Presentation slide proposing methods to discredit and destroy Wikileaks. Obtained from leaked HBGary emails. Source: ArsTechnica
Looks pretty bad, doesn’t it? Well, it’s worse. Not only did the security firm HBGary prepare a package of dirty tricks against Wikileaks, hoping to get paid by Bank of America’s law firm to put them into action, but they also constructed a similar package to use against labor unions, hoping to drum up business from the US Chamber of Commerce. As I write this, there is no confirmation that either B of A or the US C of C actually paid for these services to be rendered, but the authenticity of the leaked emails does not appear to be in doubt. The CEO of Palantir, whose company logo appears on the slide I linked, has apologized at least twice, severed all ties with HBGary, and placed on leave the engineer who developed this slide.
The best coverage I have seen of this sordid affair is at Ars Technica. Many commenters at Ars have stated that Nate Anderson should win a Pulitzer Prize for his coverage of the hack that led to the leaked emails, and the ongoing aftermath. That’s not hyperbole: this article by Anderson is the most riveting tech news story I have read in years, maybe ever.
A couple months ago, Richard Lipton proposed a method to stop Wikileaks. Essentially, the method boiled down to this: for every potentially compromising document generated, automatically generate a set of documents that look like it, but are different somehow — statements are contradicted but otherwise identical, numerical values are inflated or deflated, etc. Then, if the “real” documents are leaked, ensure all the shadow documents are leaked as well, so nobody knows what to believe. From the Palantir slide’s first bullet point, it appears that practice is keeping abreast of theory, or perhaps leaping ahead: “Create messages around actions to sabotage or discredit the opposing organization. Submit fake documents and then call out the error.”

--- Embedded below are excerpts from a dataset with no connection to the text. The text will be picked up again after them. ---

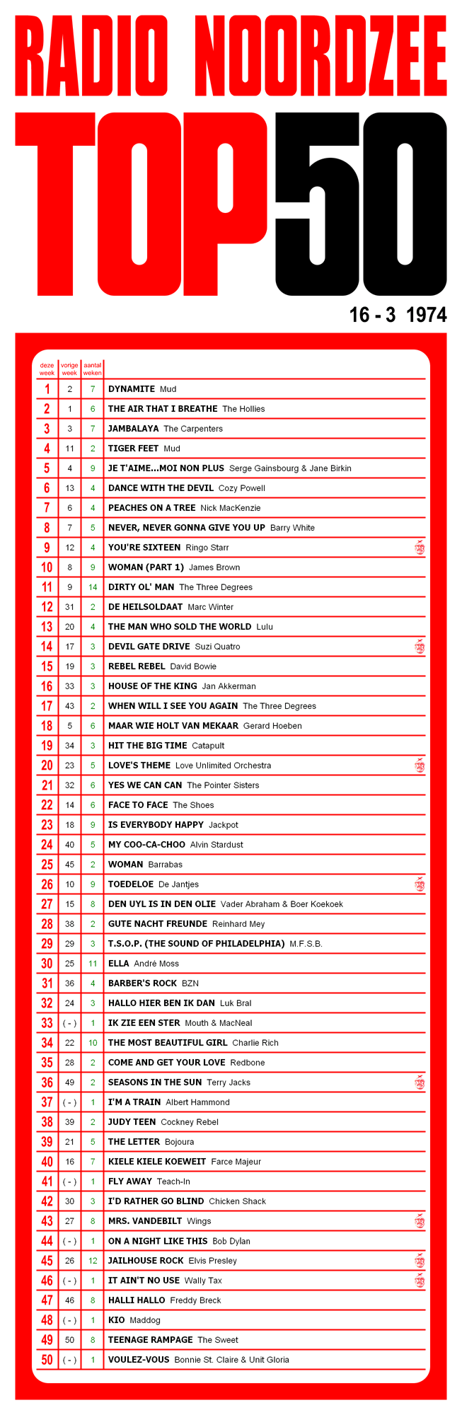 Saturday 12.03.11 the top 50 of 16.03.74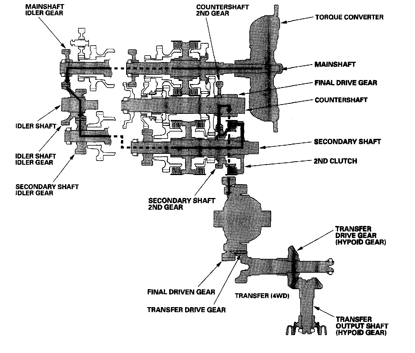 ^ Hydraulic pressure is applied to the 2nd clutch, then the 2nd clutch engages the secondary shaft 2nd gear with the secondary shaft.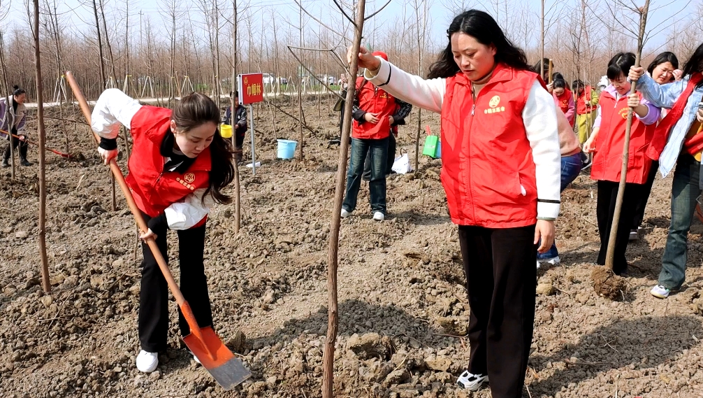 春回大地万物苏,3月12日,植树节当天,河南省信阳市淮滨县妇联组织该县巾帼志愿者在马集镇淮滨县苗圃场郭集分场开展义务植树活动。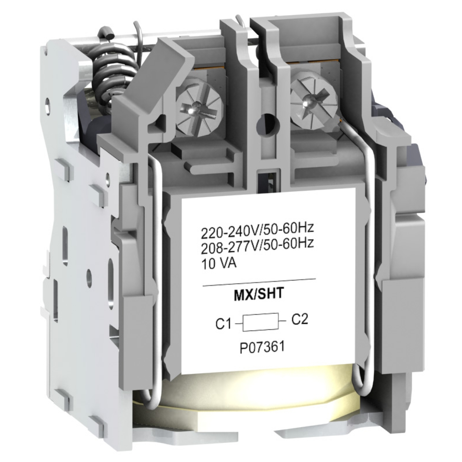 This is a MX shunt trip release for Compact NSX, PowerPact Multistandard and EasyPact CVS circuit breakers. Its rated voltage is 30 VDC. It is an auxiliary used for emergency off or remote opening applications. This auxiliary opens the circuit breaker when the control voltage Un rises above 70% of its rated voltage Un. It complies with IEC 60947-2 standard. This shunt trip is a UL Listed/CSA Certified circuit breaker accessory. Compact NSX, PowerPact Multistandard and EasyPact CVS can be equipped with either 1 MX or 1 MN auxiliary..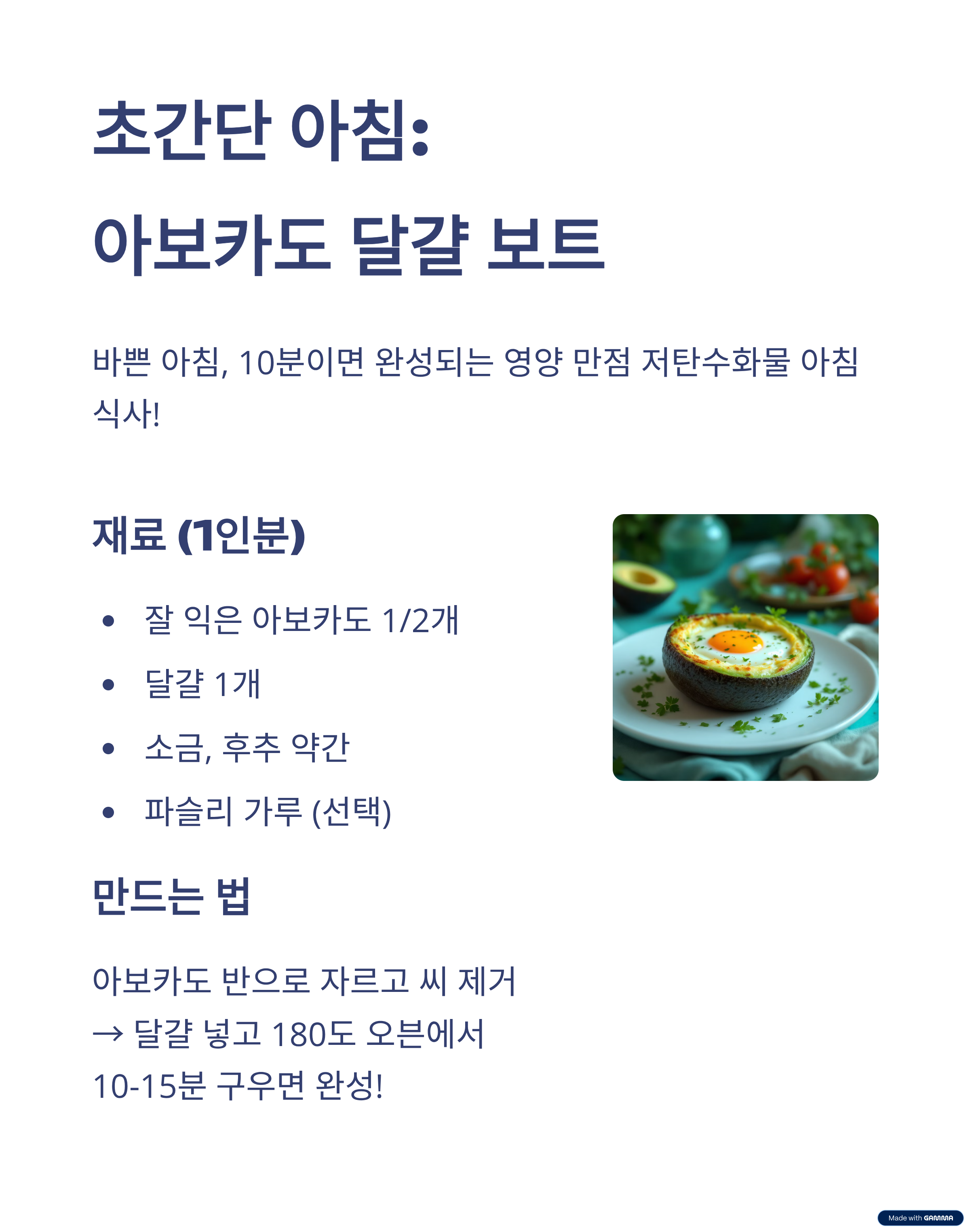 바쁜 아침, 굶지 마세요! 10분이면 충분한 영양 만점 저탄수화물 아침 식사로 하루를 활기차게 시작할 수 있습니다.

More than 70,000 leaked emails from HBGary, HBGary Federal and rootkit.com are available for download and search on at least five mirror sites worldwide. They got there because Aaron Barr, CEO of HBGary Federal, went to the media with the (incorrect) claim that he had uncovered the identities of key members of the hacker group Anonymous. In response, Anonymous entered his computers, erased gigabytes of research data, downloaded and decrypted his hashed password database, remotely wiped his iPad, seized control of his LinkedIn profile and Twitter account — and, oh yes, posted 70,000+ emails that tell a story of three companies that specialized in dirty cybertricks, which is why the fallout from this story will be studied for months, or longer.
I took a graduate class in cryptography. I even did well. I had heard of salting passwords and dictionary attacks before this, but I didn’t really understand them. I had an intellectual grasp of them yes, but I’m talking now about the type of understanding that grabs your solar plexus, squeezes and won’t let go until you’ve really really got it. I believe this Ars Technica article by Peter Bright should be required reading in every cryptography class, and in every CS class when computer security is discussed. Normally I would also link to Wikipedia articles on “salting passwords,” for example, but not this time, I won’t. Bright does a superb job of making you feeeeeel how important it is to defend yourself against a dictionary attack, and I don’t want anything to get in the way of that. Bottom line: security professionals protected themselves like amateurs, and found their defenses easily compromised once their CEO went out of his way to provoke a hacker collective known for its willingness to attack.
It would not surprise me if Lipton’s idea gained traction, very soon. If nothing else, it would make searching through the email database far more difficult, because naive search algorithms would generate lots of false positives. It might be worth turning the question around, to ask something I don’t know how to answer: Is there an algorithmic method to separate real documents from shadow documents, assuming they are uploaded together in the same torrent?